In the above context, Beijing, Shenzhen, Guangzhou recent market launch of the project almost are cheap. Centaline Research Department statistics show that Beijing has a total of 38 projects will enter the market in April, most of which are low-end commodity housing. These projects increase in basic controls 5% -10%, which is frequently the same period last year rose by 20% -30% of the price is quite different.

In Guangzhou and Shenzhen, March and April are basically new projects to affordable shipping, Guangzhou, and even a few items and pay the down payment scenario developers. "Dismal turnover during the Spring Festival, many projects did not dare to March opening, the situation is more delay," Shenzhen, a correspondent who said that last year the Shenzhen property market is ahead of overdraft, this new supply volume is large, it is difficult to support housing prices.

Central China Real Estate Research Center statistics show that as of 23, March 54 cities total housing signing 148,500 units, down 36% compared to the same period in 2013. Decline in first-tier cities which reached 45.8%, a decline of 48.2% in the second-tier.

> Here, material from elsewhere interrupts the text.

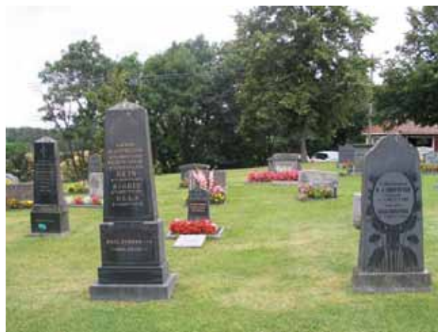
Kv. D mot väst. Äldre vårdar i den främre raden och yngre längre bak. Märk särskilt den högra vården med tydlig jugenddekor. (KI Gladhammar 0151)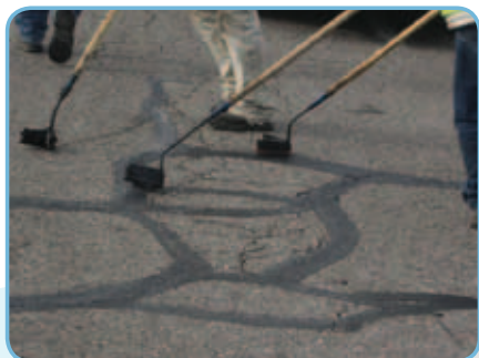
Сначала трещины на дороге должны быть отремонтированы.

Третья стадия – после недельной эксплуатации в дорожном движении наносится «Сларри Сил» и обработка завершается.

Centaline chief analyst Zhang Dawei noted the need for housing sales prices on the second-tier market may lead to a more significant amount of running. As before, 30 housing prices announced before the February sales results, the single room rate 30 February sales total 66.5 billion. Ring cut 39 percent in January of 108.288 billion. The national housing climate index also fell again, down to 96.91, compared with last December fell 0.30 points.

Compared to small and medium-tier cities housing prices get together, most of the companies are listed on the first tier cities housing prices, higher demands on performance, but once sold, the stock slump may occur. The existence of these factors led to a change in first-tier cities may surprise market expectations. 21st Century Business Herald reporter to incomplete statistics, at present known to occur price adjustment cities including Beijing, Guangzhou, Hangzhou and Nanjing.

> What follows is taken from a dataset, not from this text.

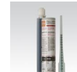
MÜPRO Injektionsanker XV Plus M8, M10, M12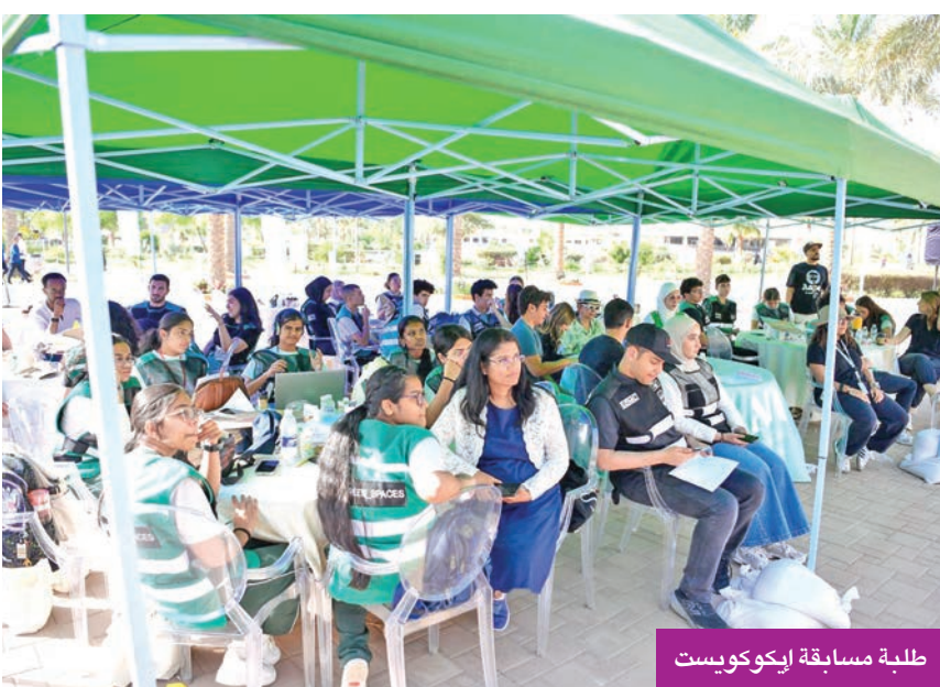
طلبة مسابقة إيكوكويست

"It was thought that the regression line will be safe, but the present situation is not the case." A radical turn the wheel in the past two years, a second-tier developers who laments sales to the first-tier cities big problem, but it is difficult to guarantee profit margins, For a Hong Kong-listed developers, gross margin and net profit margin is more important.

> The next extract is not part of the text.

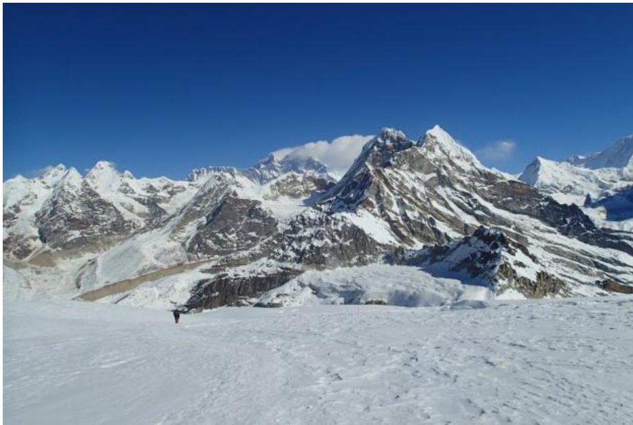
左から、プモリ、エベレスト（雪煙を上げている）、ピーク41、バルンツェ

Last year won a number of high-priced land in Beijing Agricultural Exhibition Hall, including the king of financial innovation in China [ Introduction News ] Chairman Sun Hongbin, results of the meeting in 2013 even worried the project will Nongzhanguan pricing 150,000 yuan / square m can not pass approval.

Has been concentrated in a second-tier cities, known for its high gross profit developers in Guangzhou KWG [ Introduction News ] executives also said the company does not rule out individual projects will be conducted in an appropriate promotional basis to maintain a 15% net profit margin on. China Co-President Dingzu Yu Yi Ju pointed out that from the overall trend, the profit level of housing prices will decline further.

Wu Zhihui, director of LaSalle Bank study warned that the impact of policy levers banks have tightened real estate sales terminals have begun to appear, the end of the current real estate market is in a small period of prosperity, growth in turnover in 2014 will fall to single digits. In this context, robust enough to finance the full security of small developers need to avoid solvency crisis.